A method to assess news automation

13 novembre 2018

(Research note). This unpublished paper summarizes a part of a quantitative qualitative research led in the context of my master thesis in Science and Technologies of Information and Communication at the Université Libre de Bruxelles (2015), which was dedicated to the possibilities and limits of automated news. The proposed method consists in assessments trough metrics and human-based judgments used in the field of computational linguistics (metrics are commonly used in automatic translation). Here, judges were all journalists or writers. A corpus of twenty articles written by a software was first evaluated with the most common metrics used in computational linguistics. The experience then consisted in submitting to the human judges three samples of articles written by their peers and written through an algorithmic process. Without knowing the object of the experience, they were asked to evaluate the texts regarding quality criteriums as they were defined by Clerwall (2014). They were asked then to attribute to each text an author: a human or a software. In two cases out three, they did not recognize that the author was not a human being.

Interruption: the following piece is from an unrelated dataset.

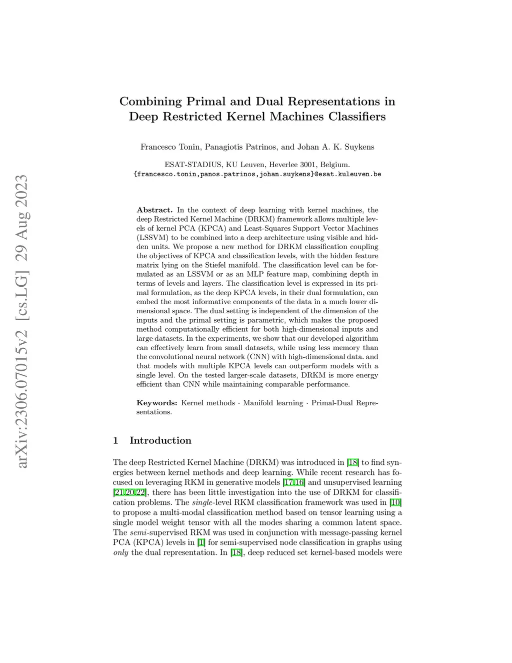 In the context of deep learning with kernel machines, the deep Restricted Kernel Machine (DRKM) framework allows multiple levels of kernel PCA (KPCA) and Least-Squares Support Vector Machines (LSSVM) to be combined into a deep architecture using visible and hidden units. We propose a new method for DRKM classification coupling the objectives of KPCA and classification levels, with the hidden feature matrix lying on the Stiefel manifold. The classification level can be formulated as an LSSVM or as an MLP feature map, combining depth in terms of levels and layers. The classification level is expressed in its primal formulation, as the deep KPCA levels, in their dual formulation, can embed the most informative components of the data in a much lower dimensional space. The dual setting is independent of the dimension of the inputs and the primal setting is parametric, which makes the proposed method computationally efficient for both high-dimensional inputs and large datasets. In the experiments, we show that our developed algorithm can effectively learn from small datasets, while using less memory than the convolutional neural network (CNN) with high-dimensional data. and that models with multiple KPCA levels can outperform models with a single level. On the tested larger-scale datasets, DRKM is more energy efficient than CNN while maintaining comparable performance.

ASIA tools were used for the metrics assessments. Since then, I have developed my own tools which encompass several readability scores, iBLEU score and Levenshtein distance: https://ohmybox.info//linguistics/  This method is also used in the context of my PhD thesis but it was refined in order to fit to its purpose which is about the uses of news automation as a tool for journalists within their investigative or daily routines.

Metrics can lead to excellent results, if they are correlated by a human evaluation (preferably from unilingual subjects for better results). But they are the subject of controversies so far as they are not able to assess significant linguistic features, such as the structure of the language.